Origins of McCarthy Beach – Side Lake, MN
Posted by: Groundspeak Regular Member wildernessmama
N 47° 40.252 W 093° 01.939
15T E 497574 N 5279720
Quick Description: This marker tells about McCarthy Beach and how it evolved from the time of the Ice Age.
Location: Minnesota, United States
Date Posted: 8/31/2015 4:35:55 PM
Waymark Code: WMPH6Z
Published By: Groundspeak Charter Member BruceS
Views: 1

Long Description:
This marker tells about McCarthy Beach and how it evolved from the time of the Ice Age. It is found near the shelter house and the swimming beach and reads as follows:

Origins of McCarthy Beach

The beautiful, sandy beaches of Sturgeon Lake are a gift from the glaciers. During the Ice Age of the last two million years, glacial ice advanced out of the Ontario region and repeatedly covered this area. As the ice advanced, it gouged the earth, scraped up and crushed the rock and soil, and carried these sediments along. About 12,000 years ago, when the last glacier in this area was receding to the northeast, it left piles of sediment along its edge, forming a ridge of hills called a moraine. These hills can be seen northeast of Sturgeon Lake, where the ridge that they form has a northwest-to-southeast orientation.

The receding glacier also left some stranded blocks of ice in this area. Glacial meltwater that flowed down onto the lowlands on this side of the moraine was free to meander. Its slower velocity could not continue to carry the sand it washed out of the ice, so the sand was deposited. Over time, the sand accumulated creating a large outwash plain that buried the stranded blocks of ice. Slowly, the hidden ice blocks melted, forming a group of sandy, water-filled basins called kettle lakes.

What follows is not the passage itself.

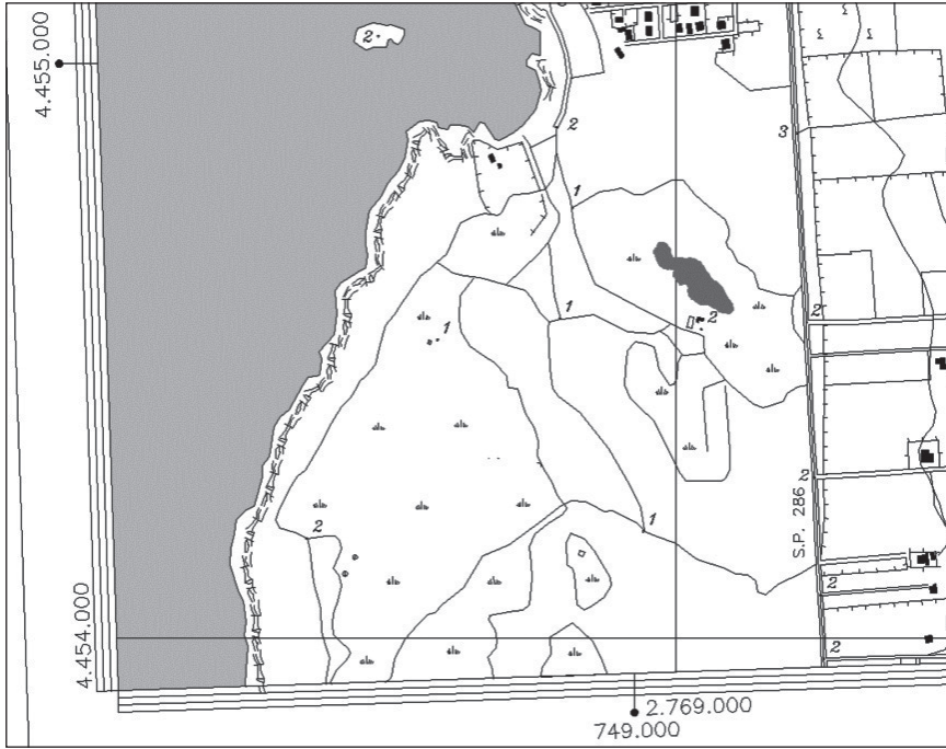
Fig. 1 - Estratto dalla sezione n° 511/60 (S. Isidoro) della Carta Tecnica Provinciale Numerica (CTPN) della Provincia di Lecce. È evidenziata, nell'entroterra, la Palude del Capitano, sito di studio del presente lavoro.

Considerando che l'area geografica in analisi non raggiunge quote altimetriche superiori ai 3 m sul livello marino, una lettura stratigrafica dei depositi in giacitura originaria non è possibile per insufficiente esposizione e per l'assenza di approfondimenti creati da un carsismo di superficie particolarmente sviluppato. Lo stesso sito in esame nel presente lavoro non è un fenomeno superficiale, bensì un fenomeno carsico di genesi "profonda" e solo oggi a causa dei fenomeni di crollo più recenti, le sue manifestazioni appaiono superficiali.

Since the shores of the kettle lakes and the nearby land were composed entirely of sand, the shorelines eroded readily and the kettles grew until they joined to form Sturgeon Lake with its many bays. The lake has many wide, shallow margins because waves wash the beach sand into the lake, and as a result, the shoreline migrates outward, widening the shallows. Under the right conditions, one can see the wide zone of shallow water extending about 100 meters out from the shore near this marker. The place where the bottom drops off sharply, to a depth of more than two meters, is close to where the shoreline was when it started to migrate.

Erected by the Geological Society of Minnesota in partnership with the Minnesota Department of Transportation, the Minnesota Geological Survey, and the Minnesota Department of Natural Resources. 2009.